Provide a way to allow retries in FUSE, `filer.copy`, and other operations.
eliphatfs opened this issue · comments
Describe the bug
When there are a huge number of requests, it is inevitable that the network connection may break sometime.
For now, filer.copy
just prints a warning and (somehow may or may not) the whole process ends.
In either case it does not retry the failure.
I have to manually rerun the command after the previous one finishes with check.size
set to reliably migrate the storage.
The error log is not informative enough to know which files have failed.
weed mount
FUSE simply returns a Input/output error in such case, disrupting, for example, a machine learning training task.
These errors happens about once in a million, but they are preventing seaweed being a reliable file system we can trust in our cluster.
System Setup
/usr/local/bin/weed server -volume=0 -filer -dir=/weedfs
/usr/local/bin/weed volume -max=400 -dir=/weedfs -mserver=10.8.149.13:9333
on 8 machines different from the master- These commands are done by systemctl services with setups exactly as the wiki page.

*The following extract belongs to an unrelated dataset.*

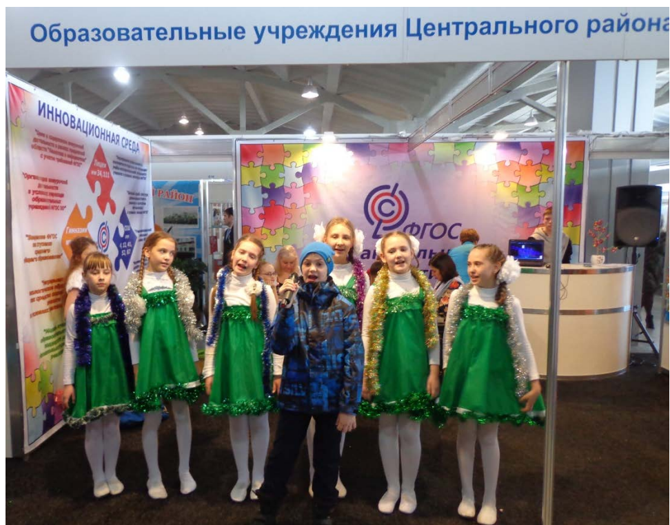
Презентация экологического проекта

- OS version: Ubuntu 22.04
- output of
weed version
: version 8000GB 3.63 54d7748 linux amd64 - if using filer, show the content of
filer.toml
: nofiler.toml
- security:
[access]
ui = false
[grpc]
ca = "/etc/ariesdockerd/certs/Aries_SeaweedFS_CA.crt"
[grpc.volume]
cert = "/etc/ariesdockerd/certs/volume01.crt"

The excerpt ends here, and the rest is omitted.